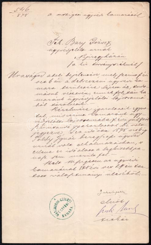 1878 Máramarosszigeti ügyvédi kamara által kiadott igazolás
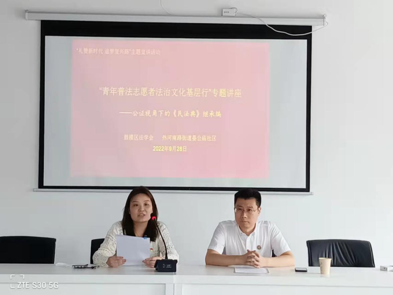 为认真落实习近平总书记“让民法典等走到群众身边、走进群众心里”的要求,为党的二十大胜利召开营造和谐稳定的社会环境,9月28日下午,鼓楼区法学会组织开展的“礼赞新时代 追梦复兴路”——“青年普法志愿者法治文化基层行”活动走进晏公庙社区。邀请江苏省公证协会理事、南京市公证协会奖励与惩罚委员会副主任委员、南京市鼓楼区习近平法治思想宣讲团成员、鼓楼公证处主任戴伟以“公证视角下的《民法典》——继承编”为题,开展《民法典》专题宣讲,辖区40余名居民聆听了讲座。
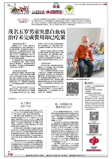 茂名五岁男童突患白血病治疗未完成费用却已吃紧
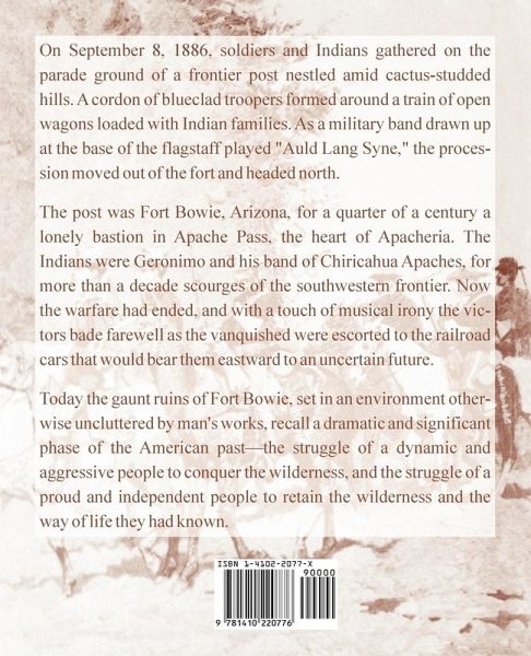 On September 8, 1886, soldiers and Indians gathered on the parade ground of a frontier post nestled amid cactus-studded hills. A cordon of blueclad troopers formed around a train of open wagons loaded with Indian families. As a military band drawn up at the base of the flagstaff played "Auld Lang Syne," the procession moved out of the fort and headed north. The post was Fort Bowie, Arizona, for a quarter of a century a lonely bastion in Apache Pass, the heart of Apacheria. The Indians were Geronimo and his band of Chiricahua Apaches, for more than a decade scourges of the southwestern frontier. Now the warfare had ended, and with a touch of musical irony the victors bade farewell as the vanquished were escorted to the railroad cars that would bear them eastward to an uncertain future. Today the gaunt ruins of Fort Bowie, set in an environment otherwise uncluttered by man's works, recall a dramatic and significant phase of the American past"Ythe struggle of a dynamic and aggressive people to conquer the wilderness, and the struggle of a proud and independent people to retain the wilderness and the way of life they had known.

____

▸ YOUR INSTRUCTIONS: Copy word for word each line of the data above, from the first through the one containing "茂名五岁男童突患白血病治疗未完成费用却已吃紧", and include no pictures.

▸ RESULT:
 1878 Máramarosszigeti ügyvédi kamara által kiadott igazolás
 为认真落实习近平总书记“让民法典等走到群众身边、走进群众心里”的要求,为党的二十大胜利召开营造和谐稳定的社会环境,9月28日下午,鼓楼区法学会组织开展的“礼赞新时代 追梦复兴路”——“青年普法志愿者法治文化基层行”活动走进晏公庙社区。邀请江苏省公证协会理事、南京市公证协会奖励与惩罚委员会副主任委员、南京市鼓楼区习近平法治思想宣讲团成员、鼓楼公证处主任戴伟以“公证视角下的《民法典》——继承编”为题,开展《民法典》专题宣讲,辖区40余名居民聆听了讲座。
 茂名五岁男童突患白血病治疗未完成费用却已吃紧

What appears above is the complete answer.